Metro

Rochester cop first to be killed in line of duty since 1959

ROCHESTER, N.Y. — A Rochester police officer was fatally shot in an exchange of gunfire during a pursuit, the first member of the city’s police force to be killed in the line of duty since 1959, officials said Thursday.

The officer was shot just before 9:30 p.m. Wednesday, in a shootout with a suspect during a chase, Rochester Police Chief Michael Ciminelli said.
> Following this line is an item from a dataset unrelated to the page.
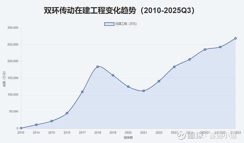 双环传动上市以来在建工程呈现**低基数起步→两轮高速扩张→阶段性消化回落**的阶梯式上行特征,2025年三季度末达26.90亿元,较上市初期增长超375倍,其变化轨迹完全贴合公司战略转型、行业周期与产能布局节奏。

Ciminelli said the suspect was wounded in the exchange and was in surgery early Thursday. He said a bystander sustained non-life threatening injuries.

None of the three was immediately identified.

The officer was taken to Rochester General Hospital, where he died. The others were taken to Strong Memorial Hospital.

“It is with a sad and heavy heart that I come before you to announce that tonight we lost one of our own,” Ciminelli said at an early Thursday news conference. “A police officer who gave his life in the line of duty, who made the ultimate sacrifice protecting the people of Rochester.

Ciminelli said there are no other suspects and that an investigation was continuing.

Rochester Mayor Lovely A. Warren asked the community to keep the officer’s family in their prayers.

“Words simply cannot express the sense of sorrow and deep loss that we feel at this moment,” Warren said. “A family has lost a loved one. The men and women of our police department have lost a family member and a friend. And we the people of Rochester have lost someone, who like every other RPD officer, put their life on the line day after day, for us.”

Before the news conference, dozens of police officers met with the mayor and police chief at Rochester’s public safety building, some reportedly in tears.